ClawXMemory is the first plugin to bring Claude Code-like memory capabilities to the OpenClaw ecosystem.
| Core Memory Capability | Standard OpenClaw | Claude Code | ClawXMemory |
|---|---|---|---|
| Cross-session project knowledge | ✗ | ✓ | ✓ |
| Persistent user preference | ✗ | ✓ | ✓ |
| Multi-layered structured memory | ✗ | ✓ | ✓ |
| Memory integration strategy | Recall | On-demand read | Proactive reasoning |
| Continuous memory consolidation | ✗ | Auto-Dream | Auto-consolidation on idle & topic switch |
The system automatically distills information during conversations, building structured memory layer by layer:
| Memory Layer | Type | Description |
|---|---|---|
| L2 | Project memory / Timeline memory | High-level long-term memory aggregated around specific topics or timelines |
| L1 | Memory fragments | Structured core summaries distilled from concluded topics |
| L0 | Raw conversations | The lowest-level raw message records |
| Global | User profile | A continuously updated global user preference singleton |
When the model needs to recall, it proactively navigates along the "memory tree" through reasoning — first evaluating relevance from high-level memory (project/timeline/profile), drilling down into finer-grained fragments only when needed, and tracing back to specific conversations when necessary. This is closer to how a human expert reasons layer by layer than traditional vector retrieval.
- Automatic memory construction: No manual maintenance needed — automatically distills, aggregates, and updates during conversation
- Model-driven retrieval: Uses reasoning instead of matching, truly understanding vague questions like "How is this project progressing?"
- Memory visualization Dashboard: Canvas view and list view, with memory layers and relationships at a glance
- Local storage, privacy-safe: SQLite by default, data never leaves the device, supports one-click import/export
For detailed documentation, see ClawXMemory README.
ClawXRouter is EdgeClaw's routing brain — the edge perceives data attributes (sensitivity, complexity) while the cloud handles reasoning and generation. Through its Hook mechanism, it automatically intercepts and routes without any changes to business code, serving as a seamless drop-in replacement for OpenClaw.

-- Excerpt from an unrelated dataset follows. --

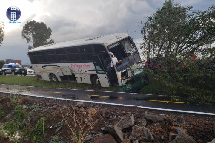 Un autobús de pasajeros de la lÃnea Purhépechas se estrelló contra un árbol a un costado de la Carretera Morelia - Salamanca sin que por fortuna se reportaran personas lesionadas.

Most requests involve browsing files, reading code, and simple Q&A — using the most expensive model for these tasks is pure waste. Token-Saver uses LLM-as-Judge to classify requests by complexity, automatically routing them to the most economical model:
| Complexity | Task Examples | Default Target Model |
|---|---|---|
| SIMPLE | Queries, translation, formatting, greetings | gpt-4o-mini |
| MEDIUM | Code generation, single-file editing, email drafting | gpt-4o |
| COMPLEX | System design, multi-file refactoring, cross-doc analysis | claude-sonnet-4.6 |
| REASONING | Mathematical proofs, formal logic, experiment design | o4-mini |
| Approach | Pros | Cons |
|---|---|---|
| Keyword Rules | Fast | No semantic understanding, high false-positive rate |
| LLM-as-Judge | Semantic understanding, multilingual | One additional local model call (~1–2s) |
The Judge runs on a local small model (MiniCPM-4.1 / Qwen3.5), with prompt hash caching (SHA-256, TTL 5 min) to avoid re-judging identical requests. In typical workflows, 60–80% of requests are forwarded to cheaper models.
Every message, tool call, and tool result is inspected in real time and automatically classified into three levels:
| Level | Meaning | Routing Strategy | Example |
|---|---|---|---|
| S1 | Safe | Send directly to cloud model | "Write a poem about spring" |
| S2 | Sensitive | Desensitize then forward to cloud | Addresses, phone numbers, emails |
| S3 | Private | Process locally only | Pay slips, passwords, SSH keys |
Dual Detection Engines: Rule detector (keywords + regex, ~0ms) + Local LLM detector (semantic understanding, ~1–2s) — the two can be combined and stacked.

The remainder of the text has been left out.